To be fair, Unilever’s ice creams, spreads and soaps may not be seen as strategic technological assets that must be protected, like the pharmaceutical science base. But this is nevertheless a big firm, which employs lots of workers and takes corporate social responsibility seriously.
And, like Cadbury before its takeover, Unilever is a successful firm that has performed well and paid decent dividends. Its share price has risen by 70% since 2010, even before the bid. This is hardly a poorly performing company in need of takeover to insert a new management team to turn things around. Rather, Kraft Heinz probably thought they could get it on the cheap – that post-Brexit-vote depreciation of sterling makes UK assets appealing to foreign buyers. They could then pile their new acquisition with debt and cut costs.
To prevent this kind of poaching, particularly in the white heat of Brexit uncertainty and a weak pound, the government could usefully look at four broad areas when re-examining takeover policy.
First, there should be reforms to the tax system and financial system to encourage longer-term commitment by shareholders. A tapered capital gains tax would act to reward long-term investors while discouraging hedge funds and other speculators trying to make a quick profit from a takeover.

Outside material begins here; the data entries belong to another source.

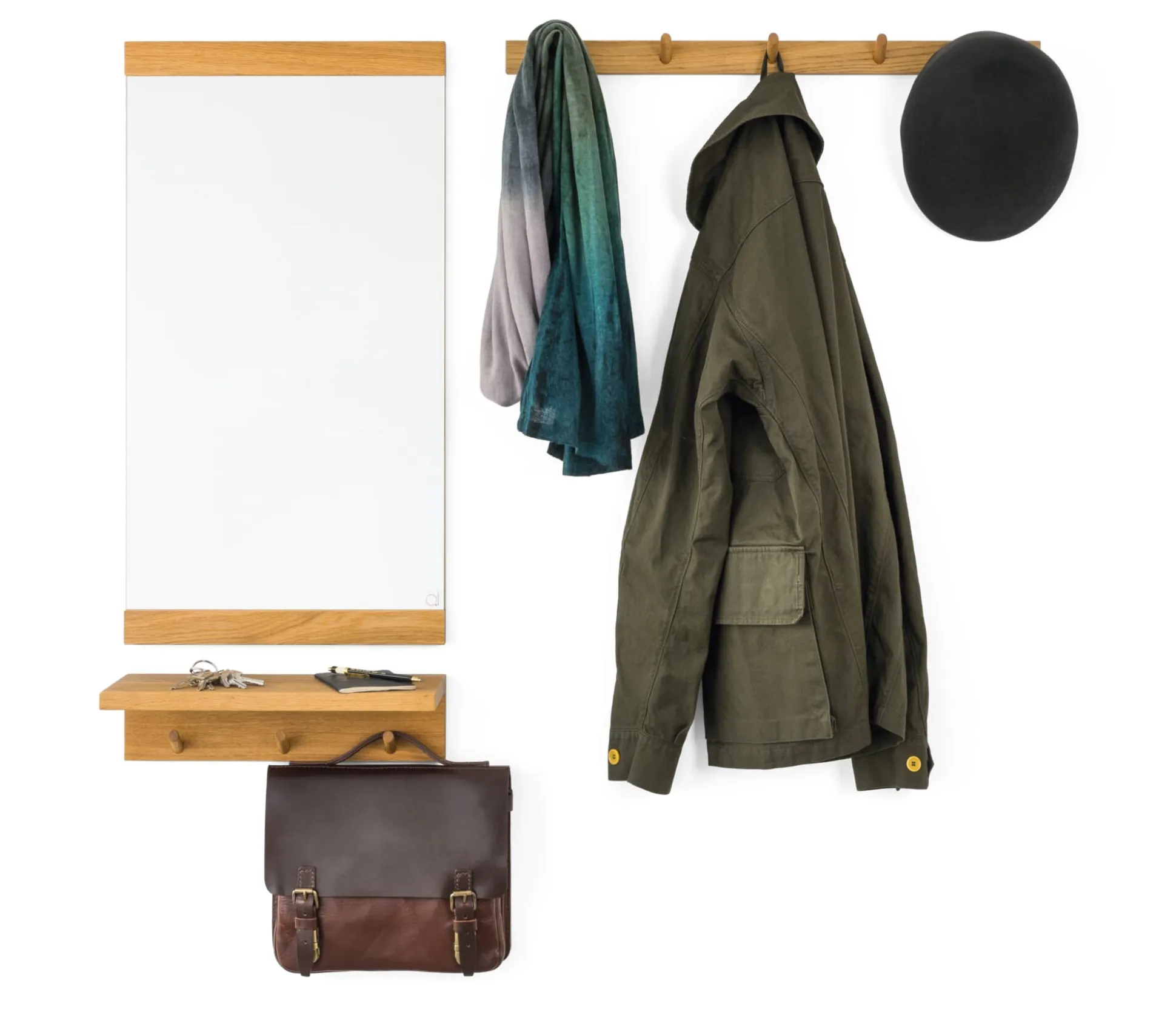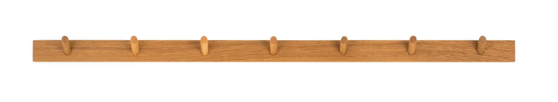 Die Garderobenleisten dieser Garderobenserie aus geöltem Eichenholz sind miteinander kombinierbar: Bündig montiert, bleibt ihre Symmetrie erhalten – denn die Zwischenräume zwischen den Haken sind doppelt so groß wie der Abstand von der Außenkante zum Haken.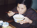 事務所が大好きなYさん。机に向かい、おもむろにみかんの皮をむき、パクッ。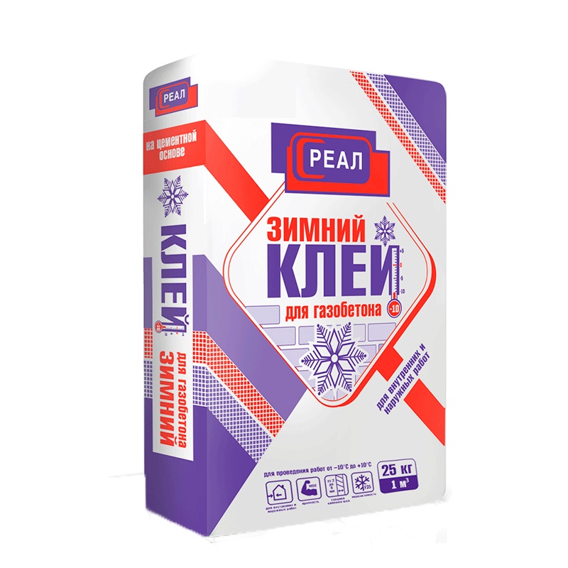 Клей для газобетона Реал зимний, 25 кг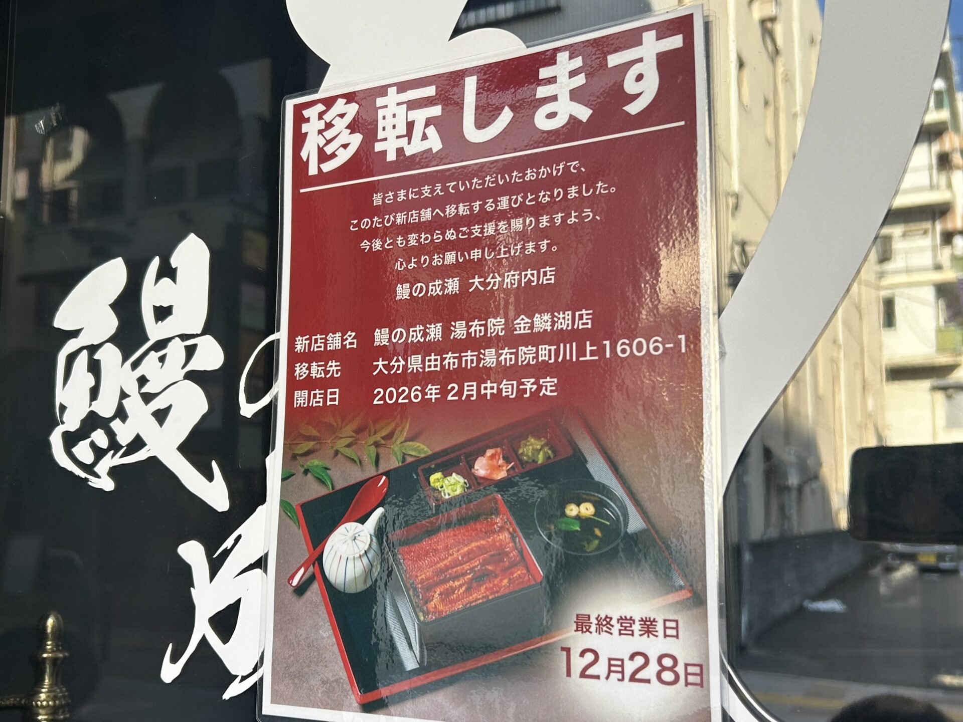 大分市府内町にある『鰻の成瀬 大分府内店』が、湯布院に移転するため閉店していました。

Broader corporate governance changes could also be brought in, such as limiting voting rights in takeover situations until a shareholder had held shares for a year or more. And amendments to the Takeover Code could be used to give greater protection to defending firms. That might include “raising the bar” on obtaining control in takeover situations (to 60% rather than the current 50.1% perhaps).
Perhaps most fundamentally, the government could reintroduce a Public Interest Test which was largely scrapped in the 2002 Enterprise Act. That could enable an independent body to examine the public interest impact of takeovers above certain thresholds. Effectively, this would at least enable a block to be made in large takeover cases which are not deemed in the public interest.
Together, these measures could have been enough to help Cadbury see off Kraft back in 2010. More broadly, they would throw some sand in the wheels of an inefficient and costly takeover machine just as currency fluctuations make British firms look attractive to acquisitive eyes.